**What to produce**
Word for word, please copy the line containing "런닝머신은 완조립 상태로" and all lines after it in the entries below, and only those, leaving every picture out.

::: Task material :::

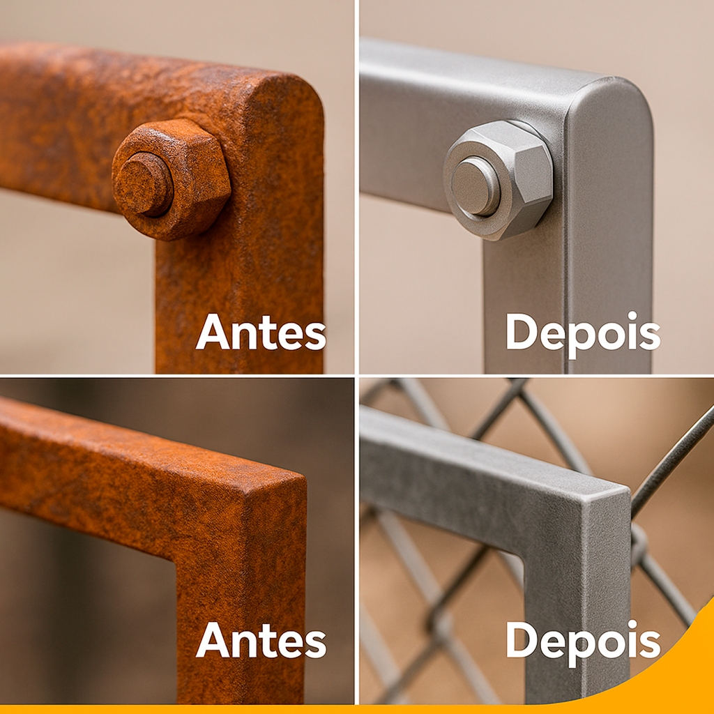 Convertedor de Ferrugem CF-TF7 – Pronto para Usar e Altamente Eficaz * Elimina a ferrugem e prepara a superfície para pintura * Forma película protetora que evita nova corrosão * Pronto para uso: em 2 horas já pode aplicar tinta ou verniz * Rende de 8 a 12 m² por litro, ideal para uso doméstico ou profissional * Substitui removedores, lixamento e jateamento * Pode ser aplicado em ferro, zinco, cobre e outros metais --- Informações complementares * Conteúdo: 100ml, 200ml, 300ml (Com Spray), 500ml, 1 litro, 1 litro + 300ml (Com Spray) * Marca: TF7 * Indicado para superfícies metálicas com ferrugem * Aplicação rápida, segura e com excelente cobertura * Ideal para portões, grades, estruturas metálicas e peças industriais * Super Shop garante envio rápido e suporte pós-venda
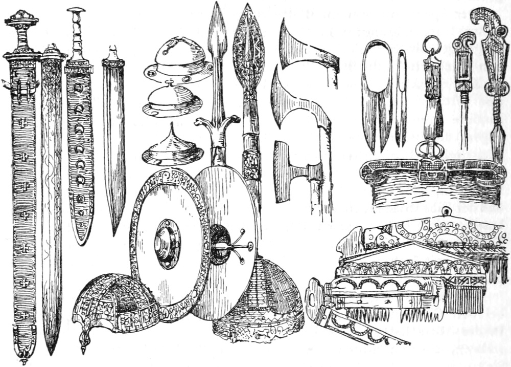 Mehr als anderes geben die Gräber und Kirchhöfe jener Völker hiervon Zeugnis; und in so reichem Maße, Jahr für Jahr so ungeheure Mengen der bemerkenswertesten Kunsterzeugnisse dem Tage wiederspendend, daß wir heute wahrhaft erstaunen über solche ungeahnte Fülle altgermanischen Werkes, vor allem aber über die unerwartete Einheit dieser Kunst, die, durchaus verschieden von aller anderen gleichzeitigen, nur wenig von ihr beeinflußt, beweist, daß der ungeheuren Völkermasse der Germanen einerlei Art des Geschmacks, einerlei Art sich zu schmücken, zu kleiden, zu waffnen, zu leben, gewiß auch zu wohnen und zu bauen eigen war.
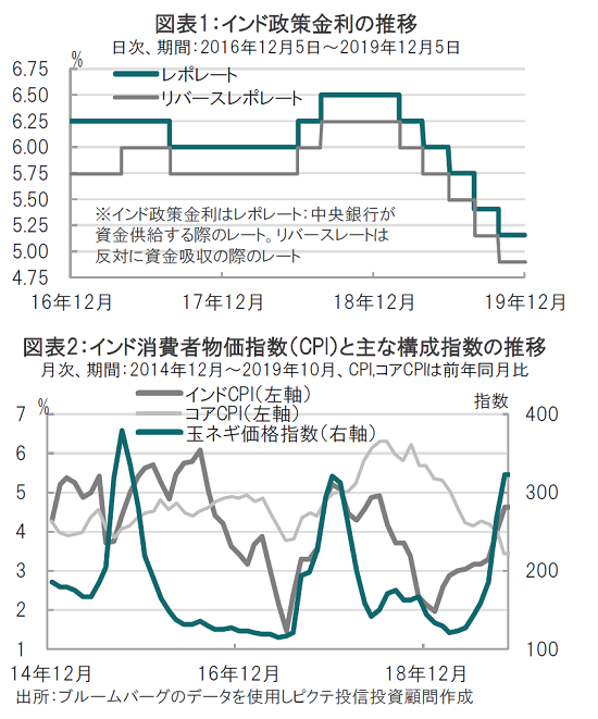 インド準備銀行(中央銀行)は2019年12月5日の金融政策決定会合で市場予想に反し、政策金利(レポレート)を5.15%で据え置くことを決定しました(図表1参照)。市場では大半が6会合連続となる利下げを予測していました。
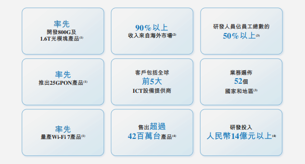 業(yè)務方面,劍橋科技是全球少數(shù)同時提供光通信、寬帶及無線技術(shù)相關連接解決方案的公司。在寬帶產(chǎn)品領域,公司的XGS PON產(chǎn)品在全球10GPON市場份額超過30%,并率先實現(xiàn)25GPON量產(chǎn)和50GPON部署。無線產(chǎn)品方面,公司全球首發(fā)Wi-Fi 7產(chǎn)品,并與Google Fiber合作推出業(yè)界首款20G上行Wi-Fi 7網(wǎng)關。光模塊產(chǎn)品覆蓋100G至1.6T互連速度,是全球首批部署800G和1.6T光模塊產(chǎn)品的企業(yè)之一。
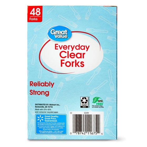 Great Value Plastic Everyday Clear Forks, 48 Count
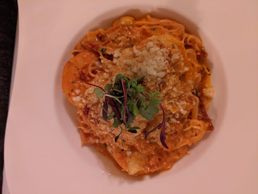 For my main course I had the flat iron steak that I asked for medium rare and it was cooked to perfection...something many restaurants seem to get wrong on such a thin steak. It came with some veg and mashed potatoes that I though at first were sweet potatoes but were actually mashed potatoes and pureed red bell pepper and spices. Hats off to chef Justin for not only making the food delicious but also visually appealing and that much more special.
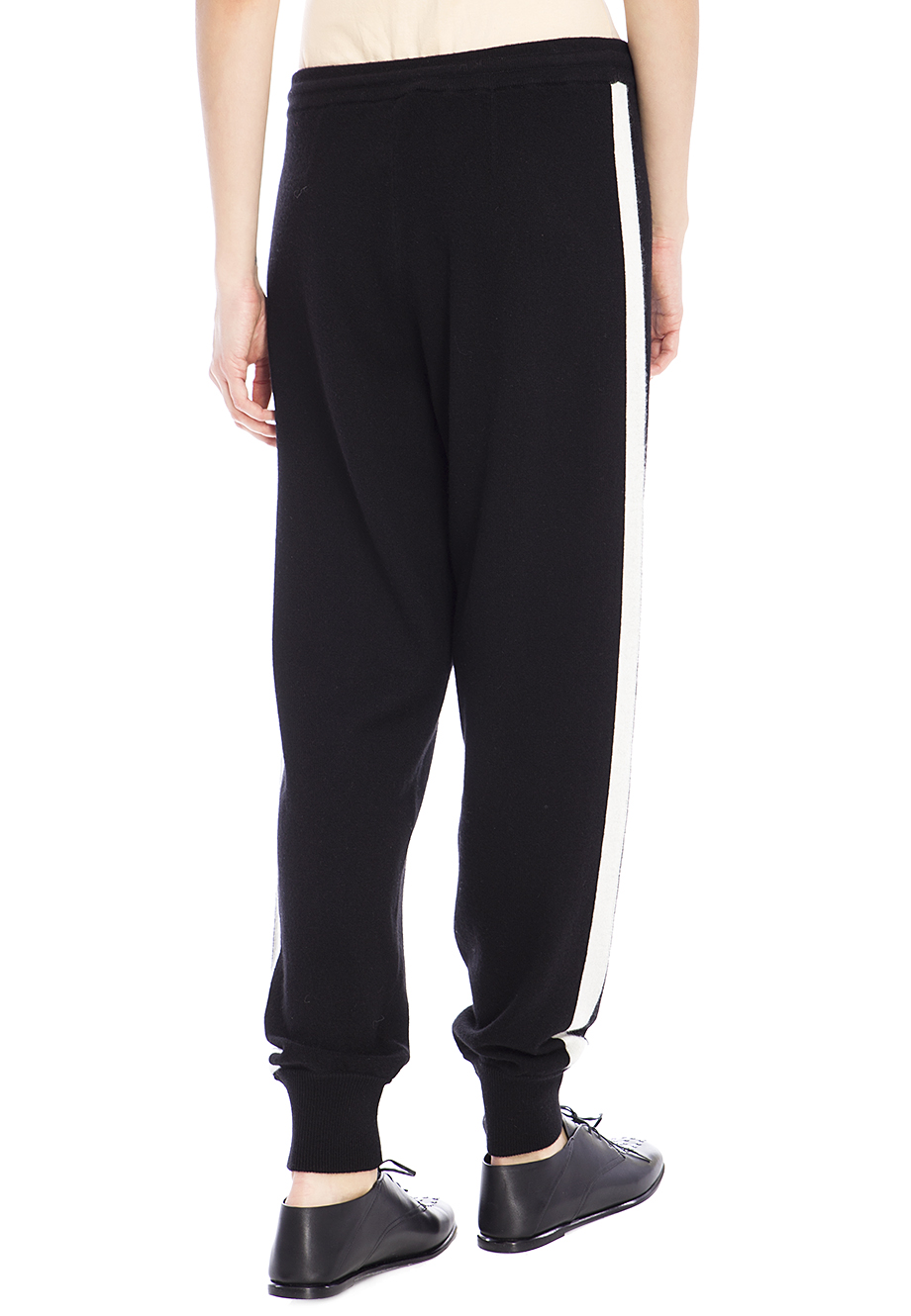 Детали: прямой крой, собранный книзу эластичной манжетой, высокая посадка, пояс на кулиске с резинкой, контрастные лампасы.
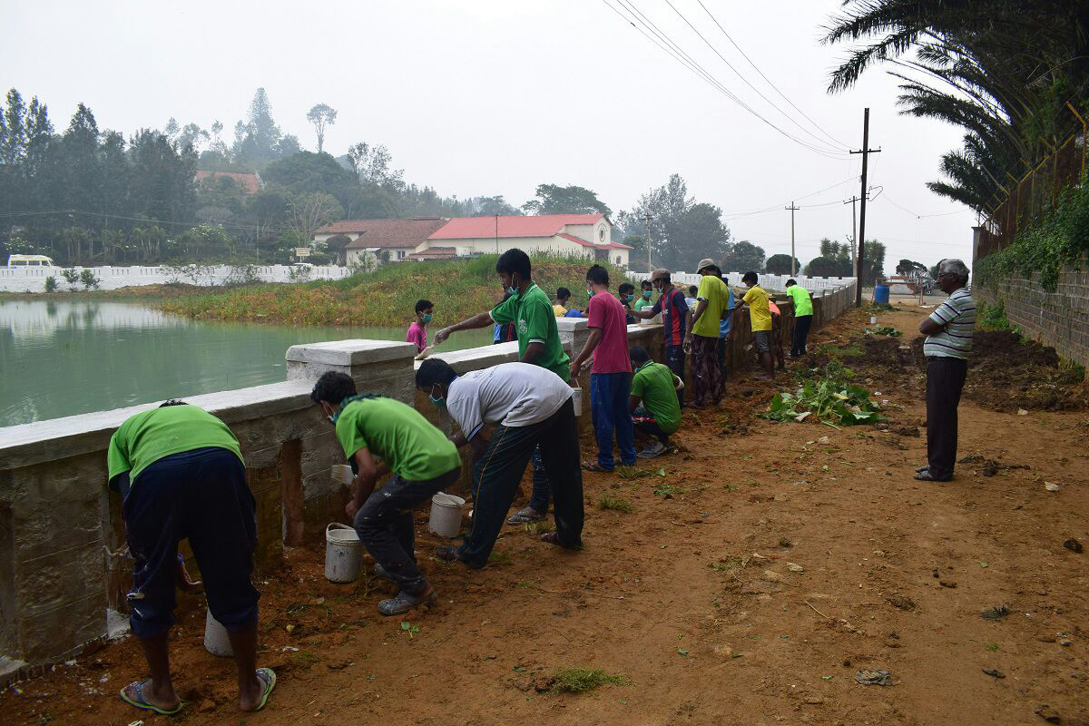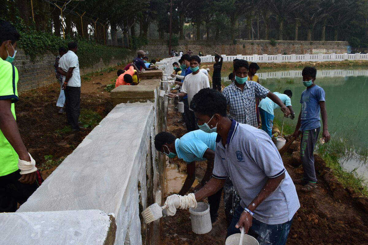 இந்நிலையில், இன்று ஏற்காடு இளைஞர்கள், ஈச்சங்காடு சலேசியன் கல்லூரி அருட்சகோதரர்கள் மற்றும் பொதுமக்கள் இணைந்து ஏரிக்கரை முழுவதும் உள்ள தடுப்பு சுவருக்கு வர்ணம் பூசும் பணியில் ஈடுப்பட்டனர்.
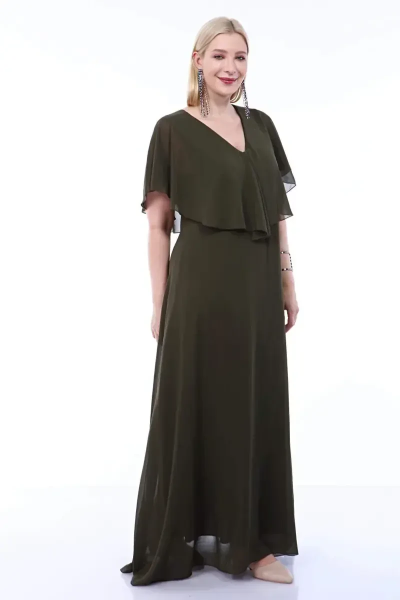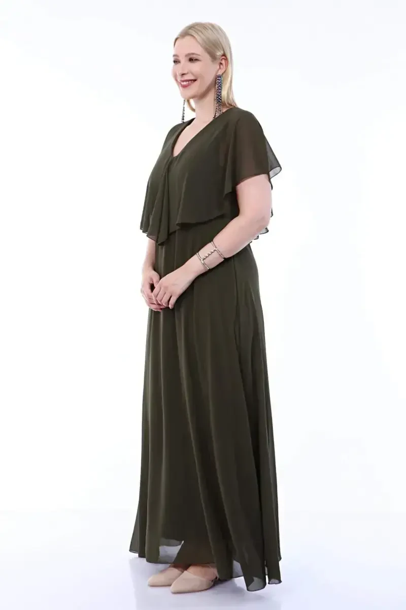 Женское платье больших размеров из шифона с V-образным вырезом и накидкой KL3065 хаки
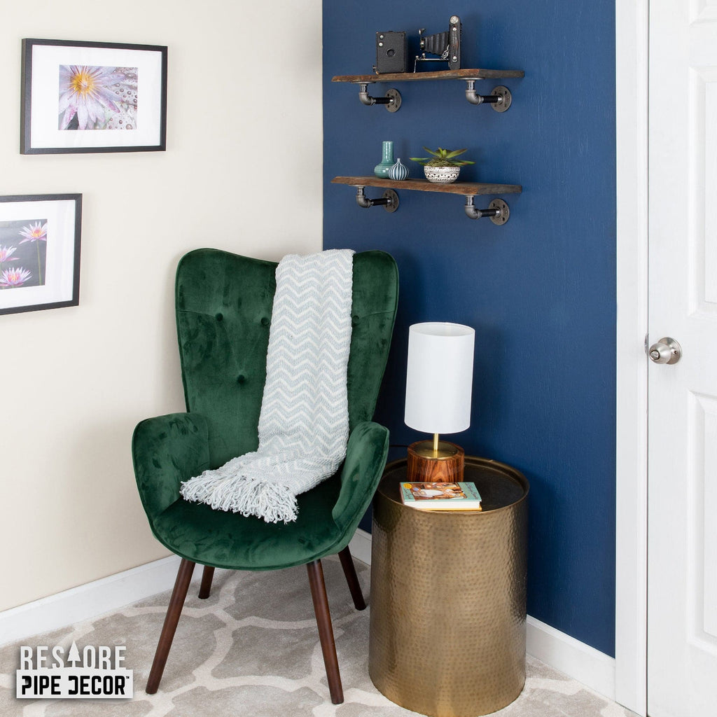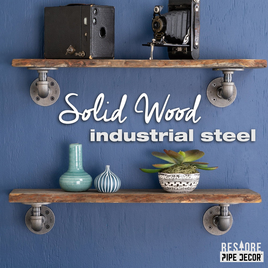Bring the forest home with real, live edge wood shelves. Our collection of solid wood shelves and industrial L-shaped pipe brackets offers a chic, distressed look that feels refined yet rustic. The live edge incorporates the natural exterior of the tree into the shelf’s final design for an organic flow that can’t be replicated. These shelves suit a variety of aesthetics and work well in kitchens, bedrooms, offices, living rooms, dining rooms, and more. Display your decor with a statement shelf you won’t find anywhere else. With live edge wood, you might see lateral knots, bark inclusions, or marks where the tree was affected by wildfires. These are purely aesthetic and will not affect the quality of your shelf. Our shelf brackets come coated with a protective oil to prevent rust during transit. We recommend wearing gloves to clean each piece. Coat with metal polish or clear coat to prevent rusting. Step-by-step cleaning and sealing instructions are included. Our reclaimed wood shelves have a story to tell. Our lumber is sustainably harvested in partnership with Mexico’s SEMARNAT or through the Forest Stewardship Council of the United States, through responsible forestry efforts that maintain the health and balance of the land.
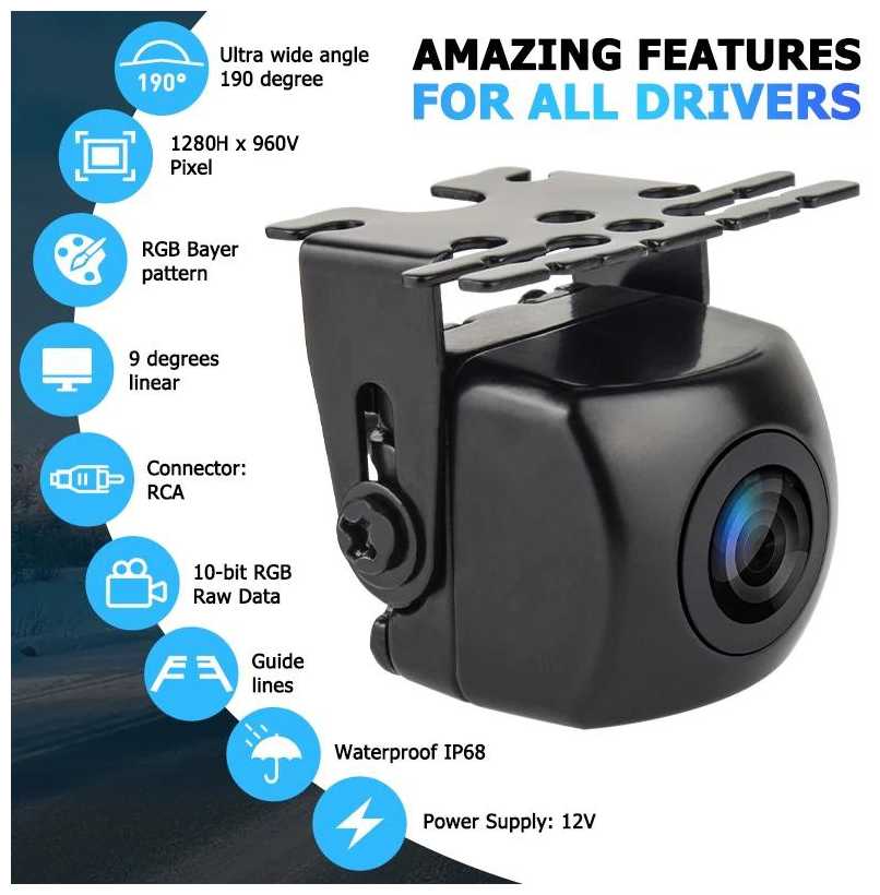 - + Отличная камера! Удобная установка, качество изображения прекрасное, даже в темное время суток! Регулируется угол наклона, можно использовать даже на низком бампере.
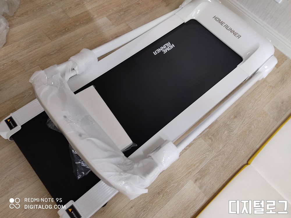 런닝머신은 완조립 상태로 포장이 되어 있어서 바로 사용이 가능하다. 사실 집이 좁기도 하여서 접이식인 샤오미 워킹패드를 구매하려고 하였는데 이 제품은 접이식은 아니지만 세워서 보관이 가능하다는 장점이 있다.
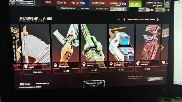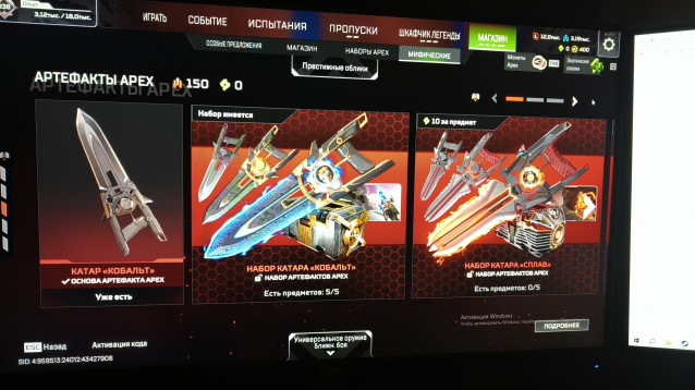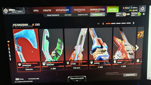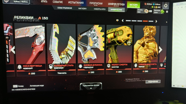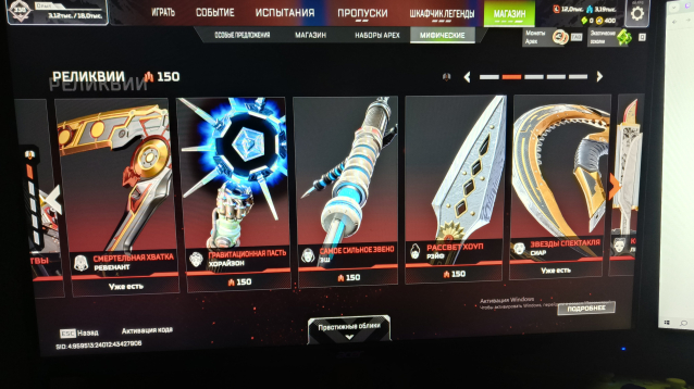 Реликвии: Лоба веер, Бангалор нож, Новый нож на Октейна, новая коса на Ревенанта Кобалтовый катар, Ножи Сиара
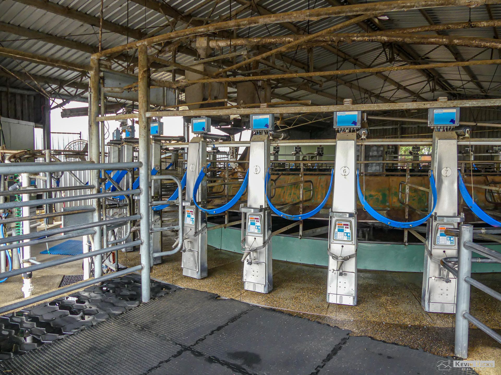 2 head feed system for protein and grain, teat scrubber system. Fully Rubber matted 300 cow capacity yard, Yard Blaster cleaning, excellent vet race facility with lighting / power and storage shed.
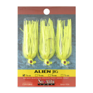 No Alibi, Alien Jig Inshore Series, Glow Chartreuse Skirt, 1/8 oz / 3.5 g Chartreuse Head, 4/0 Hook, 3 pc
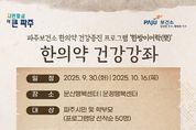 (뉴스핏 = 김수진 기자) 파주보건소는 시민들의 건강한 생활을 돕고 한의약에 대한 올바른 이해를 돕기 위해 ‘한의약 건강강좌’를 개최한다. 이번 강좌는 오는 9월과 10월 두 차례에 걸쳐 문산행복센터와 운정행복센터에서 진행된다. 첫 번째 강좌는 9월 30일 10시 문산행복센터 소공연장에서 열린다. ‘성장 한의약 교육’을 주제로, 김지훈 한방공중보건의와 동국대학교 일산한방병원 심영신 한의사가 강연에 나서 학부모와 시민들에게 성장 발달에 도움이 되는 한의약적 관리 방법을 소개한다. 두 번째 강좌는 10월 16일 13시 30분 운정행복센터 다목적홀에서 개최된다. ‘한방으로 건강한 겨울나기’를 주제로, 권해진 래소한의원 한의사가 강연하며, 환절기 면역력 강화와 겨울철 건강 관리에 유용한 한의약 정보를 전달할 예정이다. 이번 강좌는 파주시민 각 50명을 대상으로 포스터 내 정보 무늬(QR코드)를 통해 신청 가능하며, 강좌를 통해 생활 속에서 실천할 수 있는 한의약적 건강관리 방법을 배우는 기회가 될 것으로 기대된다. 이한상 파주보건소장은 “시민들이 쉽게 접근할 수 있는 한의약 강좌를 통해 건강에
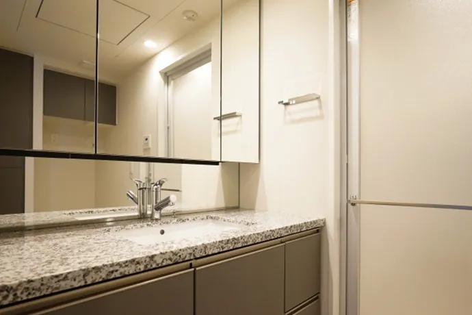 洗面台の鏡は水垢やホコリなどがつきやすいため、注意してください。毎日水拭きした後、乾拭きすることが綺麗に保つコツです。

:::

**Exercise result**
 런닝머신은 완조립 상태로 포장이 되어 있어서 바로 사용이 가능하다. 사실 집이 좁기도 하여서 접이식인 샤오미 워킹패드를 구매하려고 하였는데 이 제품은 접이식은 아니지만 세워서 보관이 가능하다는 장점이 있다.
 Реликвии: Лоба веер, Бангалор нож, Новый нож на Октейна, новая коса на Ревенанта Кобалтовый катар, Ножи Сиара
 2 head feed system for protein and grain, teat scrubber system. Fully Rubber matted 300 cow capacity yard, Yard Blaster cleaning, excellent vet race facility with lighting / power and storage shed.
 No Alibi, Alien Jig Inshore Series, Glow Chartreuse Skirt, 1/8 oz / 3.5 g Chartreuse Head, 4/0 Hook, 3 pc
 (뉴스핏 = 김수진 기자) 파주보건소는 시민들의 건강한 생활을 돕고 한의약에 대한 올바른 이해를 돕기 위해 ‘한의약 건강강좌’를 개최한다. 이번 강좌는 오는 9월과 10월 두 차례에 걸쳐 문산행복센터와 운정행복센터에서 진행된다. 첫 번째 강좌는 9월 30일 10시 문산행복센터 소공연장에서 열린다. ‘성장 한의약 교육’을 주제로, 김지훈 한방공중보건의와 동국대학교 일산한방병원 심영신 한의사가 강연에 나서 학부모와 시민들에게 성장 발달에 도움이 되는 한의약적 관리 방법을 소개한다. 두 번째 강좌는 10월 16일 13시 30분 운정행복센터 다목적홀에서 개최된다. ‘한방으로 건강한 겨울나기’를 주제로, 권해진 래소한의원 한의사가 강연하며, 환절기 면역력 강화와 겨울철 건강 관리에 유용한 한의약 정보를 전달할 예정이다. 이번 강좌는 파주시민 각 50명을 대상으로 포스터 내 정보 무늬(QR코드)를 통해 신청 가능하며, 강좌를 통해 생활 속에서 실천할 수 있는 한의약적 건강관리 방법을 배우는 기회가 될 것으로 기대된다. 이한상 파주보건소장은 “시민들이 쉽게 접근할 수 있는 한의약 강좌를 통해 건강에
 洗面台の鏡は水垢やホコリなどがつきやすいため、注意してください。毎日水拭きした後、乾拭きすることが綺麗に保つコツです。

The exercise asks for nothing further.